- Born: January 2, 1935 Elizabeth, New Jersey, US
- Died: March 30, 2019 (aged 84)
- Education: Harvard University Princeton University
- Known for: large sieve larger sieve
- Awards: Columbia University Presidential Teaching Award (2005)
- Scientific career
- Fields: Mathematics
- Workplaces: Columbia University Barnard College Institute for Advanced Study Massachusetts Institute of Technology
- Doctoral advisor: Donald C. Spencer
- Doctoral students: Dorian M. Goldfeld

= Patrick X. Gallagher =

American mathematician (1935–2019)

Patrick Ximenes Gallagher (January 2, 1935 – March 30, 2019) was an American mathematician who pioneered large sieve theory and invented the larger sieve.

==Biography==
===Early life===
Patrick Ximenes Gallagher was born on January 2, 1935, in Elizabeth, New Jersey to school superintendent Ralph P. Gallagher and elementary school teacher Natalie Forcheimer Gallagher. Gallagher graduated from Bound Brook High School and received a scholarship from the Harvard Club of New Jersey to attend Harvard University.

===Education===
In 1956, Gallagher received a B.A. degree magna cum laude from Harvard University. At Harvard, he was a member of the Harvard Mathematics Club and Eliot House Mathematics-Physics Club and completed an undergraduate honors thesis entitled On a property of some entire functions. In 1959, Gallagher received a PhD from Princeton University with a doctoral dissertation entitled Metric Diophantine Approximation in One and Several Dimensions completed under the supervision of Donald C. Spencer.

===Career===
After receiving his doctoral degree, Gallagher served as an instructor at the Massachusetts Institute of Technology from 1959 to 1961. He spent one year living in the Latin Quarter of Paris before becoming an assistant professor at Columbia University in 1962. He moved from Columbia to become a member of the Institute for Advanced Study for the 1964-1965 academic year. From 1965 to 1972, he was an associate professor and then full professor at Barnard College.

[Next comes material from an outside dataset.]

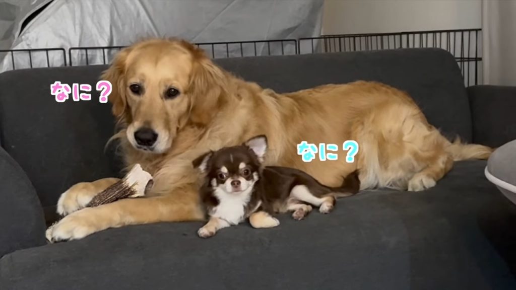 動画に出てくるのは、ゴールデンレトリバーのロイズちゃんとチワワのラオくん。リラックスした表情で座っている大きなロイズちゃんの上に、ちっちゃなラオくんがバランスを取りながら乗っています。

In 1972, Gallagher moved back to Columbia University as a professor of mathematics. Gallagher received the Columbia University Presidential Teaching Award in 2005 and became director of undergraduate studies in the department of mathematics in 2013. He retired from Columbia in 2017 and was professor emeritus until his death in 2019.

==Research==
In the 1960s and 1970s, Gallagher proved several results in large sieve methods in analytic number theory and simplified key ingredients used in the proof of the Bombieri–Vinogradov theorem. He also applied the large sieve to study the asymptotics of Galois groups of monic integral polynomials of bounded height, improving on results by van der Waerden.

In 1971, he invented the larger sieve.

==Family==
Gallagher met his wife, Minh Chau Gallagher, while he was an instructor at MIT in 1960. Minh Chau was born in Hanoi to Roman Catholic parents. They had two sons together.